Man charged with killing 14-year-old girl, injuring mother told 911 he was ‘hunted,’ Birmingham detective testifies
Bruce Lanier Austin, the suspect in the slaying of a 14-year-old Birmingham girl killed while she was on her way to school, called 911 moments before the deadly shooting and claimed he was being “hunted,” a detective testified today.
The 37-year-old Austin is charged with capital murder in the Nov. 16 shooting death of Moriah Quib-Marquez.
The 23 rifle rounds police say were fired by Austin also left her mother critically injured with a gunshot wound to the head.
He is also charged with attempted murder in the shooting of Moriah’s mother, and with discharging a gun into an occupied vehicle.
The shooting happened at 8:07 a.m. that Wednesday at 80th Street and Fifth Avenue North.
Officers were dispatched to the area after receiving multiple Shot Spotter alerts. When they arrived, they found an SUV crashed into a utility pole.
Moriah, a seventh grader at Ossie Ware Mitchell Middle School who excelled as a student and athlete, was pronounced dead on the scene.
Her mother, Rosa, was taken by Birmingham firefighters to UAB Hospital after a rifle round entered the right side of her head and remains lodged in the left side of her skull.
Austin appeared before Jefferson County District Judge William Bell Wednesday to hear the evidence against him and to ask that a bond be set in his case.
District Attorney Danny Carr, who is prosecuting the case with Deputy District Attorney Shawn Allen, vehemently opposed to Austin being allowed out on bond, contending he is a danger to the community.
“He basically blew a young lady’s head off and almost killed her mom,’’ Carr told the judge.
Bell did not grant Austin a bond and ruled there was enough evidence against him to send the case to a grand jury for indictment consideration.
Moriah’s father and other family members were in the courtroom, hearing the testimony through a translator that sat with them.
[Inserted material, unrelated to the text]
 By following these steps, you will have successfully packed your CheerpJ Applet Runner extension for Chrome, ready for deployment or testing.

More than a dozen of Austin’s family and friends were also present to show support for the suspect.
Multiple police officers also were in the courtroom Wednesday.
Birmingham homicide Det. Nick Clark testified for about an hour, chronicling the evidence against Austin.
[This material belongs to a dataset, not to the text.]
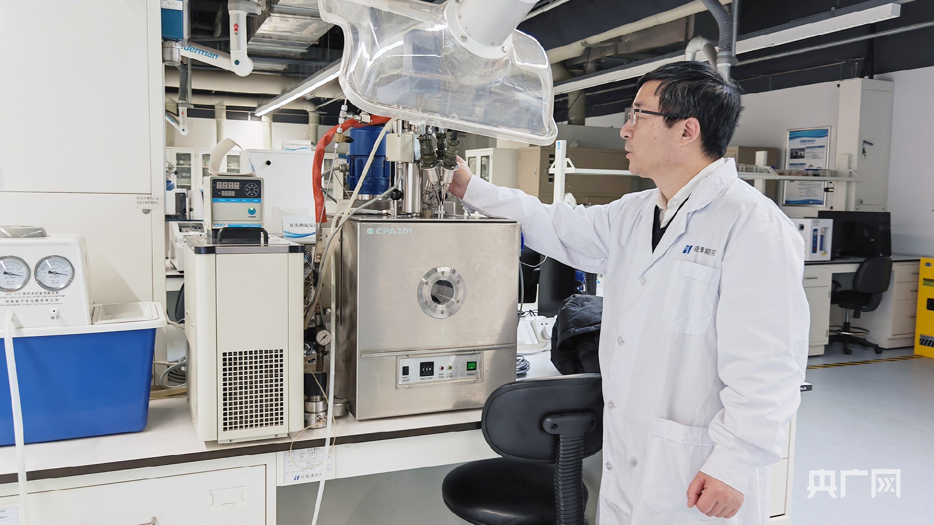 郜时旺检查实验室仪器(央广网记者 朱冠安 摄)

Moriah and her mother were in the front seat of an SUV, on their way to pick up someone else on the way to school. Moriah’s father and three other children – ages 10, 6 and 5 – were in the back seat when the shooting happening.
Witnesses told police they heard a shot moments before the SUV crashed into a utility pole. The crash was followed by numerous other shots.
Birmingham’s 911 received calls from eight separate numbers reporting the incident.
Video obtained from the area showed the SUV crash, and also showed a Black male in a red track suit with a long gun in his hand. None of the videos recovered actually captured the shooting.
Investigators recovered 23 rifle shell casings as well as two live rifle rounds at the scene. They later recovered the same caliber round from the floor of a vehicle in which police say Austin left the scene.
Clark said 911 received a call from Austin just prior to the shooting – at 7:58 a.m. The described the call as non-sensical and hard to make out, but Austin claimed he was being “hunted” and shot at.
He would not give dispatchers his location and the call ended shortly afterward.
No evidence was recovered, prosecutors said, that indicated anyone had been shooting at Austin.
A motorist who was in front of the Marquez family’s red Yukon told police he was driving to breakfast when he heard a shot, and then saw the SUV crash.
Clark testified that the witness saw a man in a red track suit with a rifle. He heard a shot, then the crash then multiple other shots fired.
One of the children in the SUV was interviewed at the Prescott House and said she hear a “boom,” and then they wrecked. The wreck, she told investigators, was followed by numerous other shots.
Among the videos retrieved by investigators was footage of the suspect getting into a dark Chrysler 200 following the shooting. Police used Flock cameras and were able to trace that vehicle back to a woman who lived nearby and turned out to be Austin’s girlfriend.
Investigators set up surveillance at the girlfriend’s home and took Austin into custody during a traffic stop after he left the home in the Chrysler.
The girlfriend told police Austin had called and told her to come pick him up in the 400 block of 80th Street North. She said she did not see a gun.
In an interview with police after his arrest, Clark testified, Austin told police he had an ongoing dispute with a man named Craig, who has not been located, and that he was being followed and shot at. Initially he said he did not fire back, the detective said, but later said he a shot.
Austin told the detectives he got rid of the gun and gave a general location, but the gun has not been recovered. Police also did not recover a red track suit.
Austin is represented by attorney Emory Anthony. Under cross examination, the detective acknowledge that they did not search the home of Austin’s mother, where he had been in the hours between the deadly shooting and his arrest, nor did they try to recover her cell phone, which Austin was reportedly using that day.
The detective acknowledged investigators did not, and have not, spoken with any of Austin’s family members as part of the investigation.